I really cannot bring myself to hate this car, though. Part of it may be that I spotted it outside a Sears Auto Center that is the very same building in which I spent many afternoons as a small child in the 1970s, waiting for my father to shop for car care items, back when DieHard batteries and RoadHandler tires were top aftermarket brands and Sears was a go-to place for auto maintenance and repair. It is easy to be nostalgic in such as situation, even for a car that you have never seen before, from over a decade before you were born. It prompted me to take a look back at that long-ago time when this car was new.
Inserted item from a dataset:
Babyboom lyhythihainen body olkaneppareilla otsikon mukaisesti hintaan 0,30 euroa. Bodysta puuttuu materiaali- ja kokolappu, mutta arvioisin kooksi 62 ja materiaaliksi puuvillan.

With flamboyant finned cars of the late 1950s long since entrenched in popular memory as symbols of kitsch – the prime example being the 1959 Cadillac, associated by many with Elvis, even though he never owned one since in 1959 he was a draftee serving in the Army in Germany, where he owned German cars (a VW, a BMW 507, and then another BMW 507) – it is easy to forget that the target market of a Cadillac, Lincoln or Imperial was affluent and rather conservative. It is noteworthy that Imperial advertising used camera angles to minimize the 1959’s flamboyant details at its front and rear ends and tried to sell the car as “classic” in design. False advertising, most of us would say, but indicative of the beholder who was supposed to find these Imperials beautiful.
As strange as it seems now, these cars were supposed to appeal to the wealthiest Americans, such as this couple being chauffeured past the statue of General William Tecumseh Sherman at 59th Street and 5th Avenue in Manhattan. This location, then and now, is one of America’s most affluent and expensive areas, and today anything less than a Mercedes S-Class, BMW 7 Series, Maserati, or Tesla would look out of place there, aside from a taxi or a car service Lincoln Town Car – a Chrysler Fifth Avenue would be painfully out of place on this part of Fifth Avenue.
This advertisement, which once again features the 1959 Imperial at 59th Street and 5th Avenue, hints well at what Chrysler’s Mad Men thought of the work of Exner and his stylists. The profile view minimizes its Exner exuberances even further, giving very little idea of the elaborate front end or the many details of the rear, and completely hiding the toilet seat on the trunk lid. “… heads will turn” it declares, out of “admiration” supposedly, but perhaps equally or more often out of bemusement. Heads would turn, and then buyers would appreciate the car’s engineering substance beneath the surface flash, as described breathlessly in most of the advertising copy. Chrysler’s advertising department appeared to be saying about the styling of the 1959 Imperial, “We are not amused,” to borrow the words of Victoria, Queen of England and Empress of India.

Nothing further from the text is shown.